The Greek “orgia” meaning “rites” gives us our word “orgy”. With no weekends, religious worship in Greece was about the only time they got a respite from the daily grind. And, much like the Friday night revellers of today, they feasted and imbibed, dancing the night away with general abandon.
1. The Maenads
Every second year, in the heart of winter, Greek women (most likely the upper classes – those kinky bints) would head to the mountains, shed their shoes, let downtheir hair, and don fawn skins (I’m thinking Raquel Welch in One Million Years BC). They sacrificed cakes, got pretty boozed, and danced the night away. By all accounts, proceedings soon degenerated into an al fresco sex spree involving goat penises or, for the more refined bacchant, fig-wood phalluses. Ray Mears would approve.
2. The Hippolytus
It was for a Greek Audience that Euripides wrote his Hippolytus. The title character of the play rejects sex and Aphrodite, vowing to remain “pure” and devoting himself to Artemis, the virgin goddess. (Clearly he didn’t get the memo about “Hell hath no fury…”) Long story short: the spurned goddess extracts her terrible revenge, Hippolytus is destroyed by a bull – a vivid symbol of male sexual potency –, and balance is restored. The enduring message of the play is this, balance: embracing all facets of humanity. Love and sex was to be respected no less than the virginity that was to become such an obsession of later religions.
3. The Gods
For the gods’ views on adultery, see the passage in Homer’s The Odyssey where Aphrodite and Ares are caught in flagrante by the former’s cuckolded hubby Hephaistus. As the assembled immortals get an eyeful of the lovers wrapped in the chains of the smith-god’s creation, Apollo turns to his little brother Hermes and says something to the effect of: “Gee that’s a fine bit of tail. I know there’s some kinky chain action going on, but would you swap places with Ares?” To which Hermes replies: “Boy oh boy Apollo, I’d take those chains and I’d add a gimp mask and a but plug if I could get my end away with that fox Aphrodite.” Cue censorious stares and judgemental mutterings? Heavens no. “So spake he and laughter arose among the immortal gods”.
THE ROMANS
Consider, if you will, that most Roman of institutions, the Games: prisoners eaten alive by wild beasts or raped by trained ones, Christians covered in pitch and set alight. In one instance, a woman accused of poisoning several men was stripped, and bound spread eagled to a bed in the middle of the arena. She was then mounted and raped by a trained donkey, before other beasts were despatched to finish her off. Consider also that gangs of prostitutes used to assemble near the Circus Maximus to intercept men who had gotten all hot under the collar at the presentation of such visual delights. Vidi veni eh?

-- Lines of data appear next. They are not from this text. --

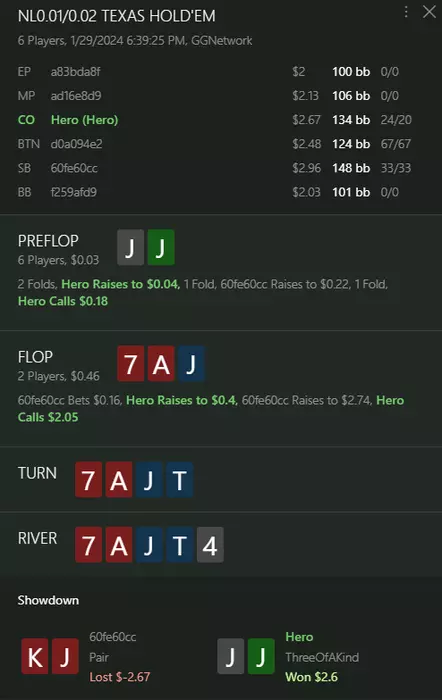 в раздаче с JJ ситуация похожа на ту что разбирали с QQ, сет на флопе и дальше тишина--я бы терн пихал--опп ждет дро, и даже если у него пара АА-он бы ответил на пих. А так не собрал ни с терна -ну ривер уже опстно играть.
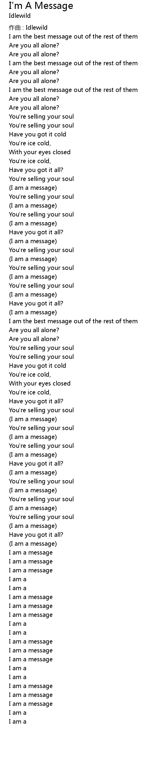 | Song | I'm A Message |
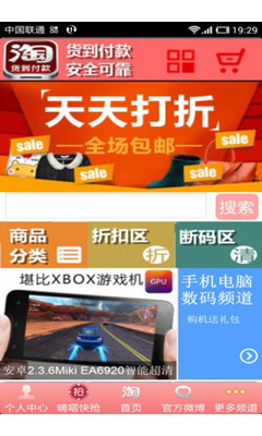 掌淘-货到付款移动网上商城购物客户端汇集厂家直销一手货源的实惠优质折扣商品。不需要银行卡,支付宝等在线支付,全部商品包邮送货上门满意后再付款,让你安全放心买到最优惠的宝贝。同时还精选淘宝全部优质实惠宝贝给亲们多一份选择
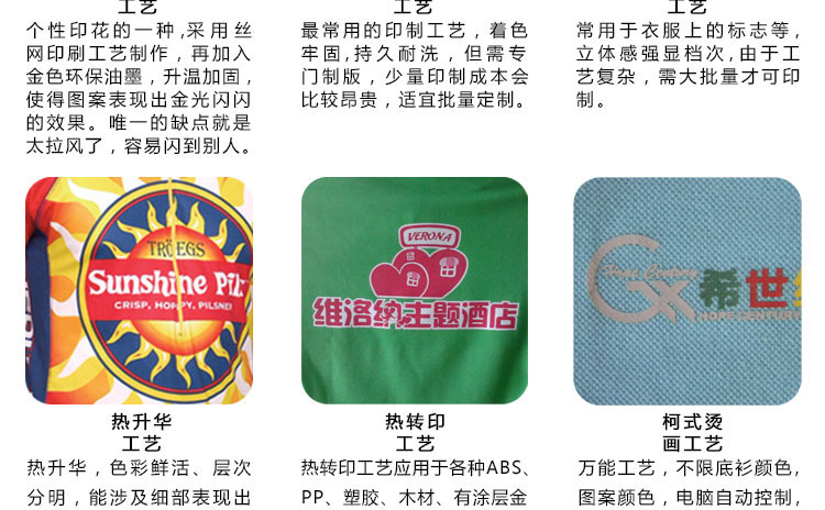 logo工艺:丝印/绣花/热转印/柯式烫画
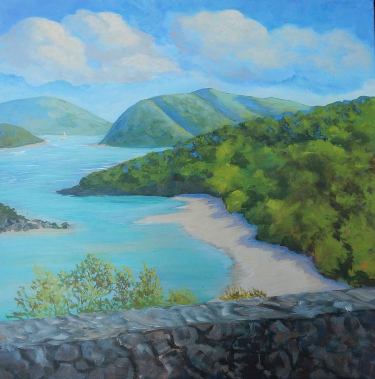 One of our favorite vacation spots is the Virgin Islands (USVI). This particular painting was inspired by some of the photos taken on our latest trip to St. John, a couple years ago. I have painted Maho Bay and Cinnamon Bay, Frank Bay, etc., but never Trunk Bay. This is a one-of-a-kind acrylic pa...
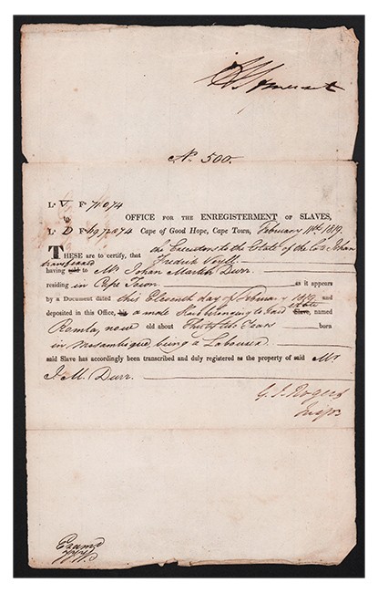 Single leaf, printed on one side and completed in black ink, lightly embossed VOC stamp in top right hand corner. The slave's name is written on the verso of this leaf.

The games comprised a significant part of the activity on public holidays. The visceral violence of the spectacle, combined with the holiday’s freedom from the working routine must have been a potent mix: a release from “normality” and all the constraints it imposed. This psychological freedom was compounded at certain festivals such as the Floralia and the Lupercalia, which granted erotic licence en masse.
1. Dinner Parties
Romans are famous for their dinner parties. And not because they served their bread rolls warm. In fact, were a Roman to find himself at the Parker-Smythes’ of an evening and be presented with a warm poppy seed knot, he’d probably try and have sex with it. When these Ancient Italians instituted the practise of drinking wine neat (their wine was much stronger than the liquid we know and love, and was traditionally mixed with water), diners frequently got so trolleyed that they were unable to urinate straight (into a chamber pot or otherwise). For their dining comfort, said chamber pots were positioned in close proximity to the table, and slaves were employed to help with the ‘aiming issues’. How they managed to aim their disoriented whangs for more licentious purposes remains something of a mystery. No doubt the Roman talent for innovation (by which I mean slaves) carried the day.
2. Bacchanalia (186 BC)
The Bacchanalia was the Roman version of the Greek Dionysia. According to Livy, the gatherings of the Bacchanalia were a pretty standard orgiastic mix of religion, wine, dancing and sexual perversion. The scary bit is that once you were there it was an all-or-nothing affair. If you mentioned that actually you felt “a bit weird” about letting the assembled company play “how many root vegetables?” with your arsehole, they’d do it anyway and then kill you for being a prude. Following the exposure in 186 BC of the less than sanitary practises of the revellers, about 7000 people were prosecuted and the majority executed. The senate were worried that the gatherings might be breeding grounds of political dissent. Who’s guessing that none of them had ever been to an orgy?
3. The Bona Dea
Another girls only festival. The respectable women of Rome would gather in one of the company’s house and make merry. The rites were supposedly a secret, but word on the street was that things would inevitably get a bit steamy (over pudding I imagine), and from there on out it was muffs-a-go-go. Juvenal’s picture of events characteristically tends to the scurrilous: “Shrieking flutes excite the women’s loins…their hearts blazing with lust, their voices stammer with it, their wine gushes in torrent down their soaking thighs…even Priam’s aged loins and Nestor cold with age would burn to see it.” Yeah, right, Juvenal, and “girly sleepover” is woman-speak for “Sapphic sex fest”.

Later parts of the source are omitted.